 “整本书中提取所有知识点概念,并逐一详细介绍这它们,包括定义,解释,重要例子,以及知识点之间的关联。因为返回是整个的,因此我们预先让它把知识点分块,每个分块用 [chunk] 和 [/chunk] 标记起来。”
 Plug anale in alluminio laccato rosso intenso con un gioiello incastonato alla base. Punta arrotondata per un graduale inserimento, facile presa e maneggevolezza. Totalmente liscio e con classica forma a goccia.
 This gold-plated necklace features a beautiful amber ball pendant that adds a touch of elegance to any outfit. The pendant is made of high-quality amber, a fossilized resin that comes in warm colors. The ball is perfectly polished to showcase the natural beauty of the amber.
* * *
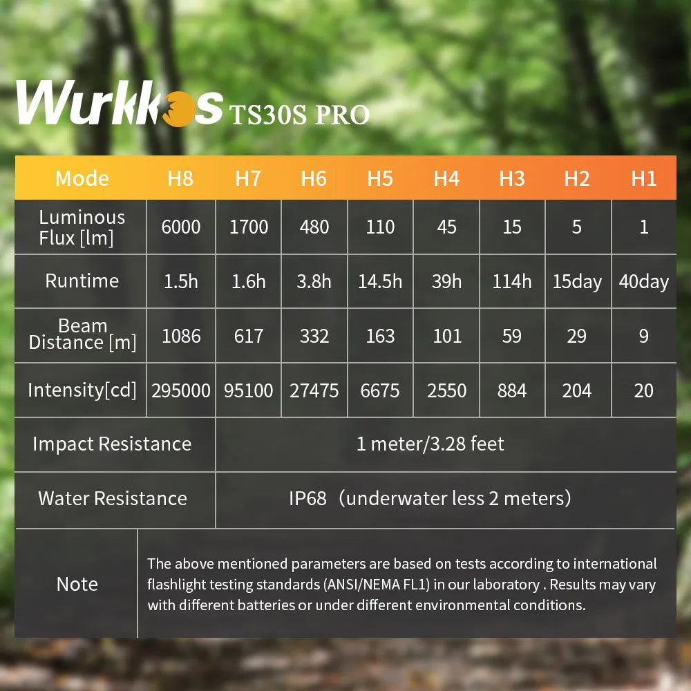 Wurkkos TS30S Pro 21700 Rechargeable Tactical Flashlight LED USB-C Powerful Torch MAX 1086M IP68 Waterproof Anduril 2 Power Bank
...
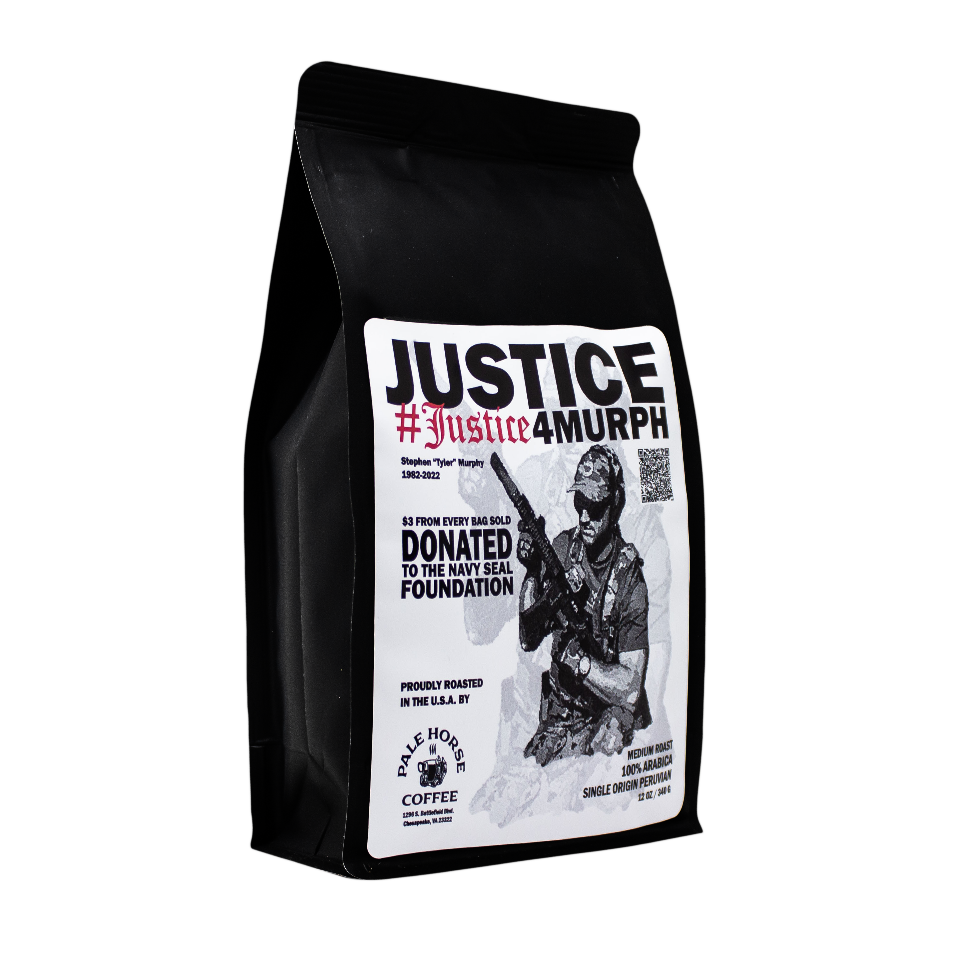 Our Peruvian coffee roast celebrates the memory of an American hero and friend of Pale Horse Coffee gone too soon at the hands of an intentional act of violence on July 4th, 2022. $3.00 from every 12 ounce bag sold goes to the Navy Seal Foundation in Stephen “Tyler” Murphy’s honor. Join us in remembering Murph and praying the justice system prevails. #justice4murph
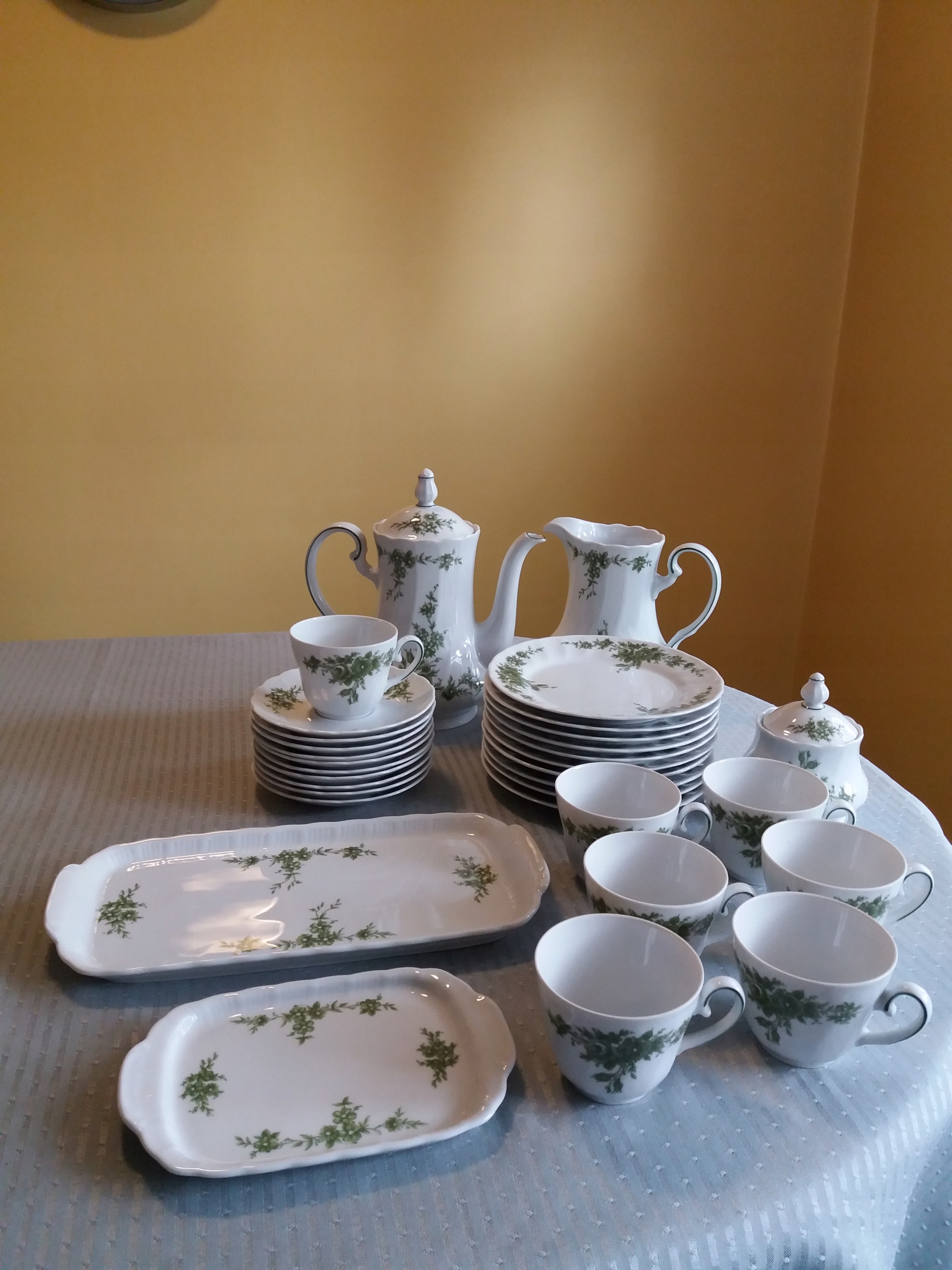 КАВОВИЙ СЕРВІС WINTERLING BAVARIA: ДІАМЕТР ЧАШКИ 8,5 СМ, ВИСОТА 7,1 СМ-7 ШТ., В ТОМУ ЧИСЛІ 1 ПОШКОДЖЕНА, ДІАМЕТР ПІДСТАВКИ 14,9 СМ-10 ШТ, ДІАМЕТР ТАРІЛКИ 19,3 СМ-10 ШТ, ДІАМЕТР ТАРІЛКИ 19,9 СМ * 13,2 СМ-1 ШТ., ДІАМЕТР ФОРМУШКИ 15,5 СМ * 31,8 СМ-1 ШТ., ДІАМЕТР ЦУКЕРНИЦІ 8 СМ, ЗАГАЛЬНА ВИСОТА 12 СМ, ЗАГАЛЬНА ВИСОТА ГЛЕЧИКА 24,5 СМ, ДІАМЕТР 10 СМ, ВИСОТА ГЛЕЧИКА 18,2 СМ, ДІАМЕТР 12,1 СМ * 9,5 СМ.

= Work instructions =
Write down exactly the span of lines above from the one containing "[chunk] 和 [/chunk]" to the one containing "This gold-plated necklace", both ends included.

= Exercise result =
 “整本书中提取所有知识点概念,并逐一详细介绍这它们,包括定义,解释,重要例子,以及知识点之间的关联。因为返回是整个的,因此我们预先让它把知识点分块,每个分块用 [chunk] 和 [/chunk] 标记起来。”
 Plug anale in alluminio laccato rosso intenso con un gioiello incastonato alla base. Punta arrotondata per un graduale inserimento, facile presa e maneggevolezza. Totalmente liscio e con classica forma a goccia.
 This gold-plated necklace features a beautiful amber ball pendant that adds a touch of elegance to any outfit. The pendant is made of high-quality amber, a fossilized resin that comes in warm colors. The ball is perfectly polished to showcase the natural beauty of the amber.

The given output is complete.